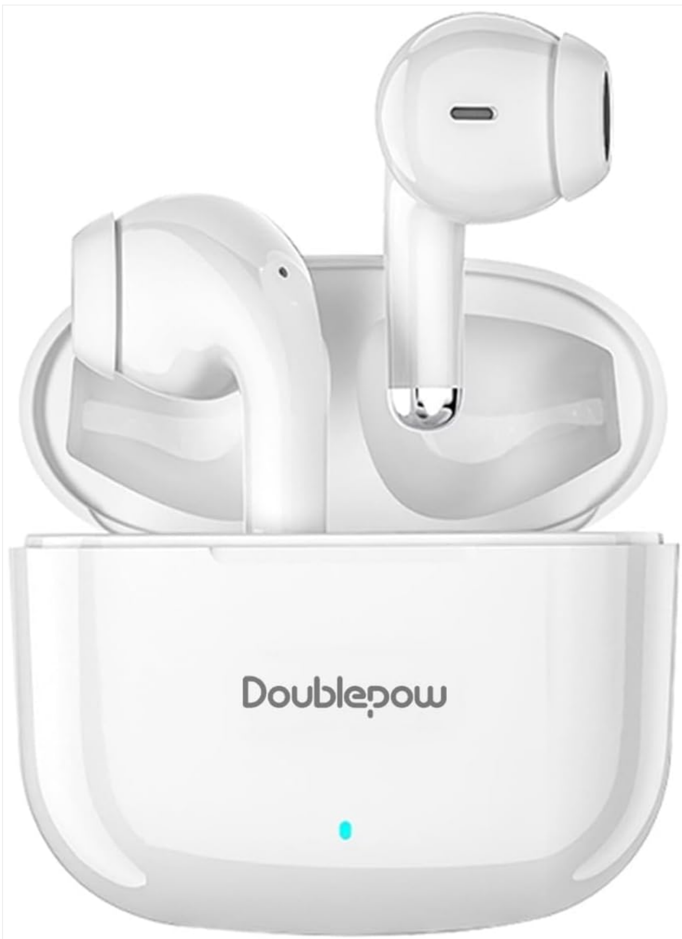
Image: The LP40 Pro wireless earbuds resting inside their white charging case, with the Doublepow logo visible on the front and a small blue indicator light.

####################

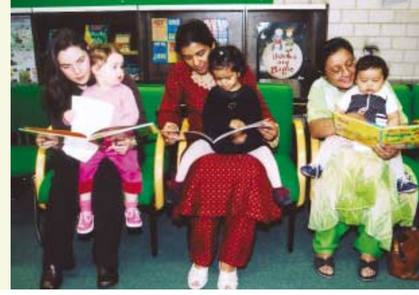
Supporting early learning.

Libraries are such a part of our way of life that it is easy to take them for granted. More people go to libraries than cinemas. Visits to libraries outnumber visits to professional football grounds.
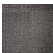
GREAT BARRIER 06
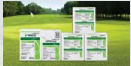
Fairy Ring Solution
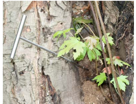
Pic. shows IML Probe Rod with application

####################

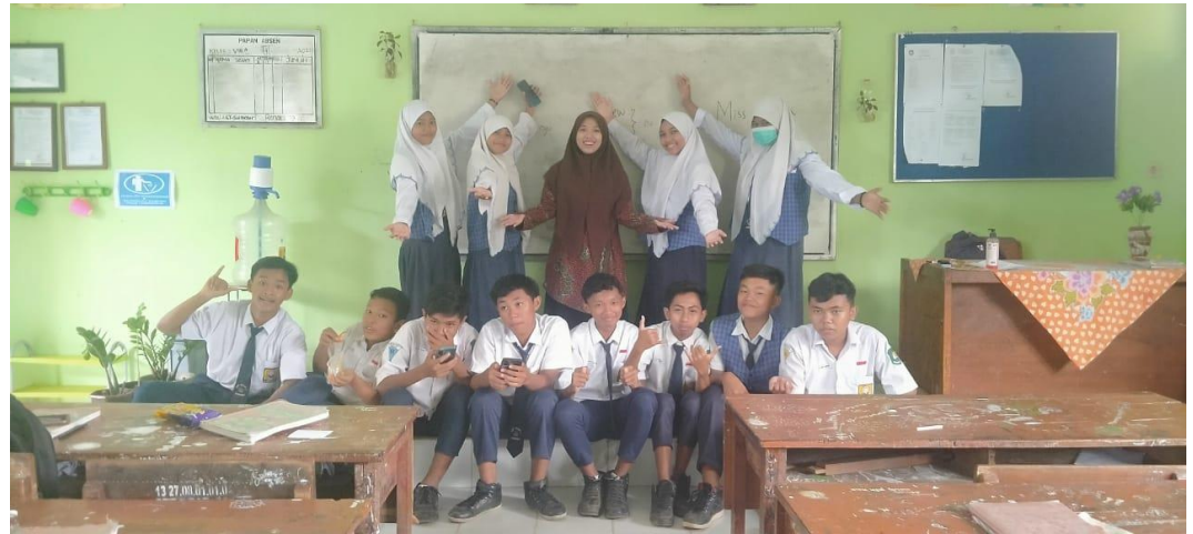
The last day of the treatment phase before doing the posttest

####################

Once the line with "GREAT BARRIER 06" has been found above, output that line and every later line exactly, stopping after the line with "Pic. shows IML Probe Rod with application", and omit the pictures.

GREAT BARRIER 06
Fairy Ring Solution
Pic. shows IML Probe Rod with application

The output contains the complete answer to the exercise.